Determining amputation level: This one scares us a little….okay, a lot. Orthopedists at the Ege University School of Medicine in Izmir, Turkey, submitted clinical photographs of diabetic foot ulcers to ChatGPT and asked it to recommend the optimal amputation level. In 50 out of 60 cases, the bot’s recommendation was identical to the amputation the human clinicians actually performed. In the remaining 10 cases, ChatGPT prescribed a more proximal (ie, higher) amputation than the flesh-n-blood docs. “Relying solely on clinical photographs,” the paper concluded, “ChatGPT-4.0 demonstrates decisions that are largely consistent with those of an experienced team in determining the optimal level of amputation for DFUs.” Personally, we’re a long way from trusting ChatGPT to dictate a surgical procedure; we don’t even trust it to write email for us. But read the abstract at the International Wound Journal and judge for yourself (full paper is paywalled).
Optimizing MPK leg controllers: Here’s where things start to get meta. Levi Hargrove and colleagues at the Shirley Ryan AbilityLab are working on a process in which AI-generated gait patterns are used to improve the performance of a bionic leg’s mid-level controller—which is itself an AI-equipped unit. In other words, it’s an AI trainer for an AI device. Crazy, right? The core benefit of such a system would be to eliminate the need to gather training data from individual volunteers, which would a) make the training of prosthetic leg controllers more efficient and more effective, and b) lower R&D costs and (in theory, anyway) accelerate the pace of innovation. The system’s still in development and hasn’t been tested with actual prosthesis users yet, but it doesn’t pay to bet against Hargrove. Full study at the Journal of Neuroengineering and Rehabilitation.
Assessing limb-loss risk in PAD patients: A Mayo Clinic team trained AI to analyze Doppler waveforms in patients with peripheral artery disease and accurately assess the risk of limb loss. In a study encompassing more than 2,000 patients over a five-year period, the AI tool accurately predicted adverse outcomes including death, major cardiac events, and limb loss. “The AI tool described in this article has several unique advantages whereby both the 1‐ and 5‐year risk for [limb loss] can be estimated well before chronic limb‐threatening ischemia occurs, solely on the basis of deep neural assessment of a posterior tibial arterial waveform Doppler signal,” the authors explain. By combining AI analysis with an easy‐to‐perform, noninvasive Doppler test, clinicians can better identify at-risk patients before their symptoms become acute and intervene early enough to prevent some amputations. Read it all at the Journal of the American Heart Association.

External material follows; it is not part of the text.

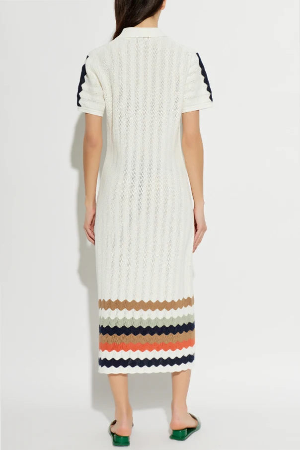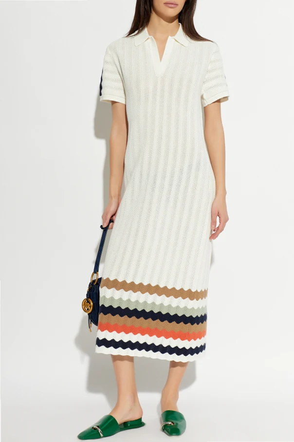 Baumwollkleid mit Streifenmuster begeistert mit der subtilen Form und der meisterhaften Balance zwischen klassischer Eleganz und raffinierter Modernität. Gefertigt aus hochwertiger, weicher Baumwolle, bietet es unvergleichlichen Tragekomfort und Atmungsaktivität, die durch das perfekte, durchbrochene Strickmuster unterstrichen wird. Das weiße Farbschema bildet den idealen Hintergrund für kunstvoll gewellte Streifen in Beige-, Schwarz-, Khaki-, Rot-, Marineblau-, Braun- und Weißtönen, wodurch das Kleid einen unverwechselbaren Charakter erhält.

Promoting participation in parasports: A Brazilian bioscientist is exploring AI’s potential to help people with disabilities overcome barriers to participation in physical fitness activity. “Personal and environmental obstacles linked to disability hinder access to venues and services,” he observes. Many amputees are deterred from exercise by the logistical complexities of acquiring equipment, traveling to fitness facilities, and receiving informed coaching. Once they’ve solved those problems, amputees must still overcome factors such as pain, stamina, and discomfort about exercising in public settings. “AI has now emerged as a promising tool to overcome these barriers, offering innovative and personalized solutions to meet the individual needs of those who use it,” the paper concludes. It’s paywalled at the Journal of Bodywork and Movement Therapies.